Como señala Richard Wagner a Ludwig II de Baviera en el filme de Luchino Visconti:

el público es una comunidad ideal sin jerarquías. El espectador debe poder concentrarse. Necesitamos oscuridad total.

Aparece así el concepto del escenario como obra de arte total en un sitio democrático para un público entregado. Wagner, que tenía ideas muy adelantadas para su época, parecía referirse al cinematógrafo cuando en realidad se refiere en un tono emocionado a su carísimo proyecto de teatro ideal. Pasó el tiempo. Y la música. Y la ópera. Entonces ocurrió el prodigio.

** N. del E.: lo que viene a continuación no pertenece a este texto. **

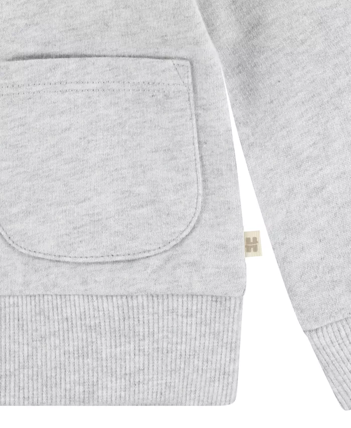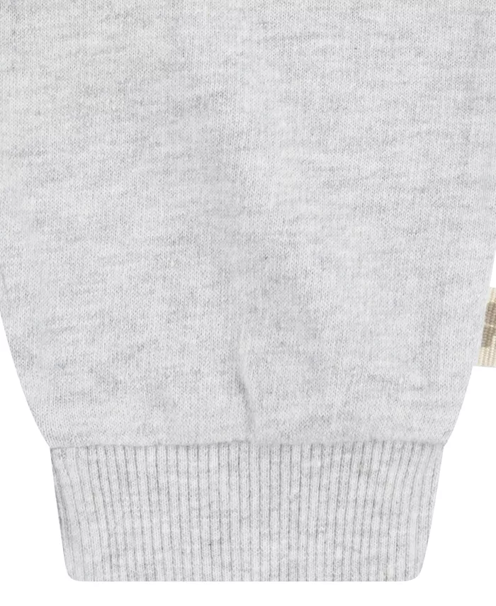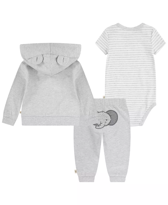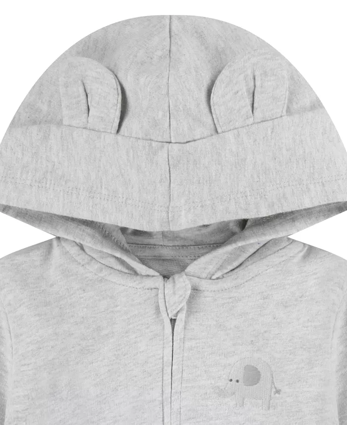 Укутайте своего малыша в Huggies. Куртка из французского терри имеет длинную молнию, два кармана и очаровательный капюшон с милыми ушками. Боди из хлопкового рубчика с короткими рукавами и принтом по всей поверхности идеально сочетается с мягкими брюками на эластичном поясе.

No sé cuál fue la primera película que vi ni la edad que tenía pero sí sé que en los años de decadencia de la Compañía Operadora de Teatros, S. A. (la COTSA de amarga memoria), en uno de sus cines en provincia, a los 9 años de edad, vi el E.T. de Steven Spielberg. Recuerdo una sola escena: el meloso extraterrestre medio muerto cerca de unas coladeras. Pero esa película, en una segunda revisión, ya en su lanzamiento con nuevas escenas, me fue insoportable de ver. Que se quede dónde pertenece: al siempre idealizado terreno de la infancia rememorada, muchas veces reconstituida y en mi caso siempre refutada. La infancia tiene otros terrenos más amplios, menos ambiciosos –y en ocasiones más dignos-, desde el punto de vista del presupuesto en la producción: llené mi adolescencia con cine de Serie B (ciencia ficción y terror) y en una de sus derivaciones al slasher en ese mismo cine fui testigo del efecto que el Maniac de William Lustig tuvo en el público. En mi memoria se confunde la imagen de una cabeza explotando, asesinatos brutales, una enfermera ante el lavabo de un baño público, maniquíes que cobran vida y mi asombrada mirada infantil viendo a la gente abandonar el cine ante el impacto de las escenas. Los extremos se tocan, dijo alguien, y en esa gran sala que olía a fría humedad los extremos se tocaban y arrojaban chispas: ¿qué hacía yo, a los 7 años de edad, viendo esa película, cómo habían admitido mi entrada si el cartel –lo sé ahora-, explicaba claramente: “Ninguna persona menor de 17 años es admitida”? Acaso en la caída ex profeso de ese sistema de cines del estado –en su desidia tan cara a ciertos sectores de la sociedad-, antes de su privatización, esté la respuesta. Llovía de todo en esas salas, desde orina y saliva hasta las más inocuas o dolorosas obscenidades cuando en la pantalla el monstruoso asesino desnudaba a sus víctimas.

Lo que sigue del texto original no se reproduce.